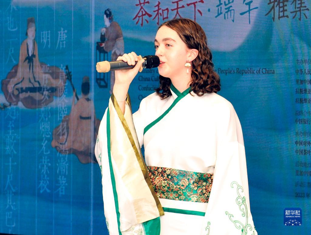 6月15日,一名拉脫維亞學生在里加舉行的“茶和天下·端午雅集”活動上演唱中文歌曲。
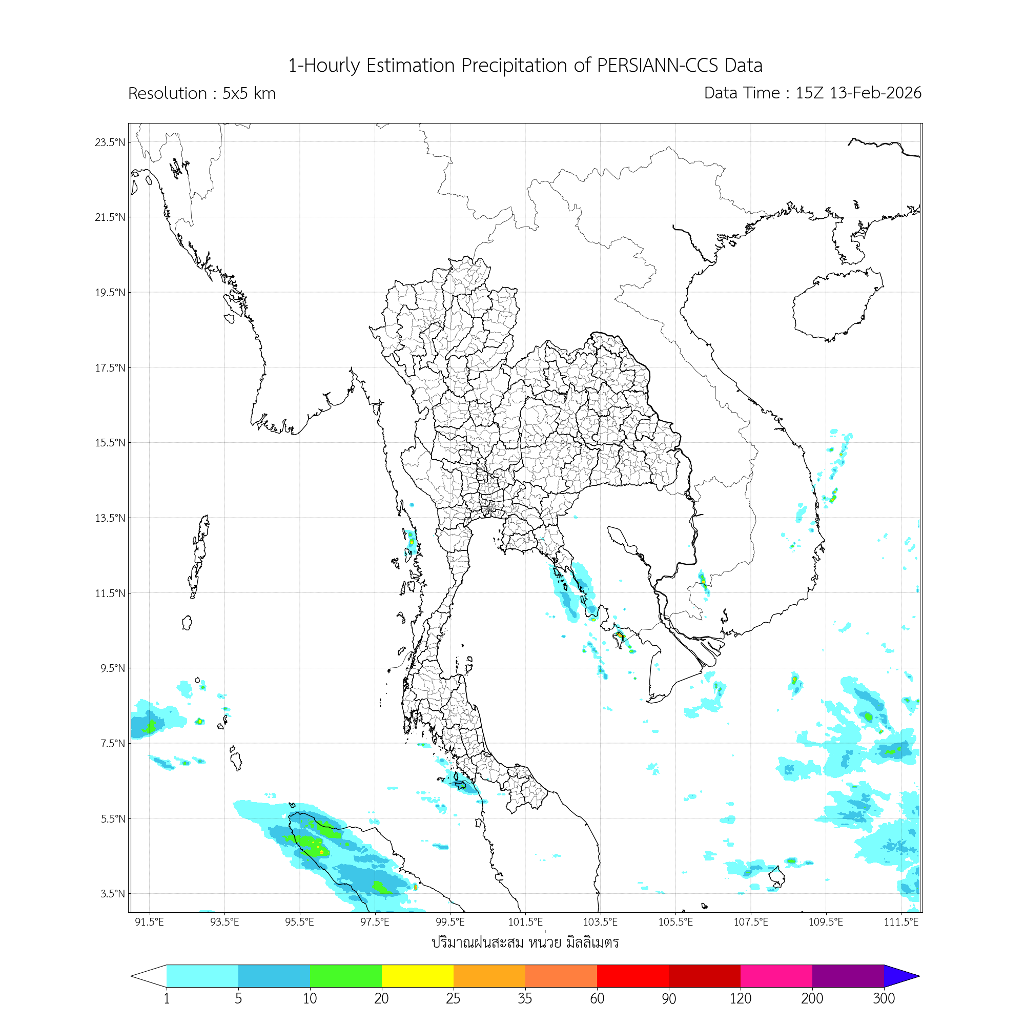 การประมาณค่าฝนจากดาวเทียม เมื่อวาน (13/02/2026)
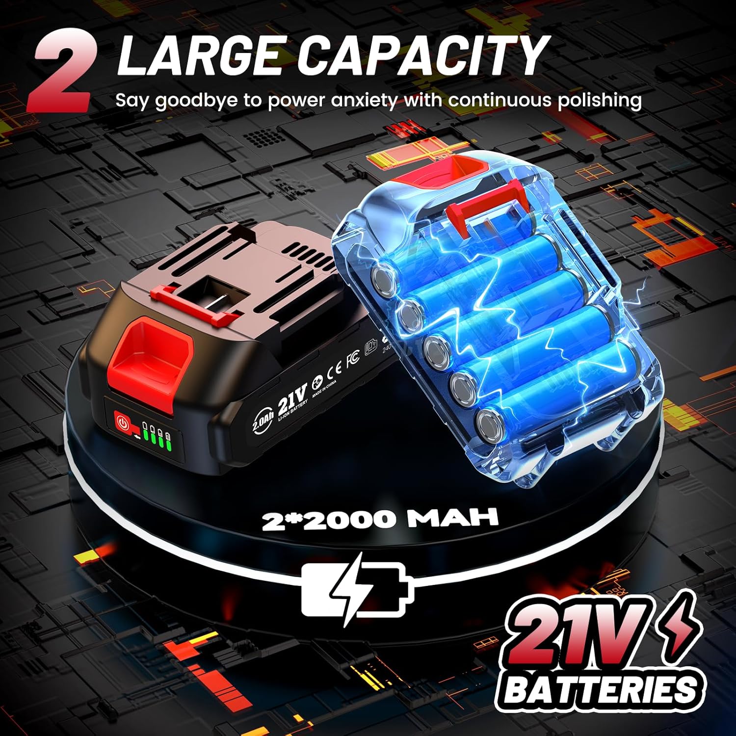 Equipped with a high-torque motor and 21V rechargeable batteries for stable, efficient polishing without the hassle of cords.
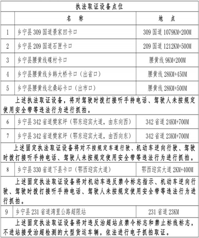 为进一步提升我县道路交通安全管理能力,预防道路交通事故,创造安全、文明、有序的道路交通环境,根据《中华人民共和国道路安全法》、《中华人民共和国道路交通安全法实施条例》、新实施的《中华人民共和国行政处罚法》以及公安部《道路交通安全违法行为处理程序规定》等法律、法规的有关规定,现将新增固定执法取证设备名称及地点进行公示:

## [Work required]
All of the data is to be reproduced exactly, with the pictures left out.

## [Solved problem]
 6月15日,一名拉脫維亞學生在里加舉行的“茶和天下·端午雅集”活動上演唱中文歌曲。
 การประมาณค่าฝนจากดาวเทียม เมื่อวาน (13/02/2026)
 Equipped with a high-torque motor and 21V rechargeable batteries for stable, efficient polishing without the hassle of cords.
 为进一步提升我县道路交通安全管理能力,预防道路交通事故,创造安全、文明、有序的道路交通环境,根据《中华人民共和国道路安全法》、《中华人民共和国道路交通安全法实施条例》、新实施的《中华人民共和国行政处罚法》以及公安部《道路交通安全违法行为处理程序规定》等法律、法规的有关规定,现将新增固定执法取证设备名称及地点进行公示:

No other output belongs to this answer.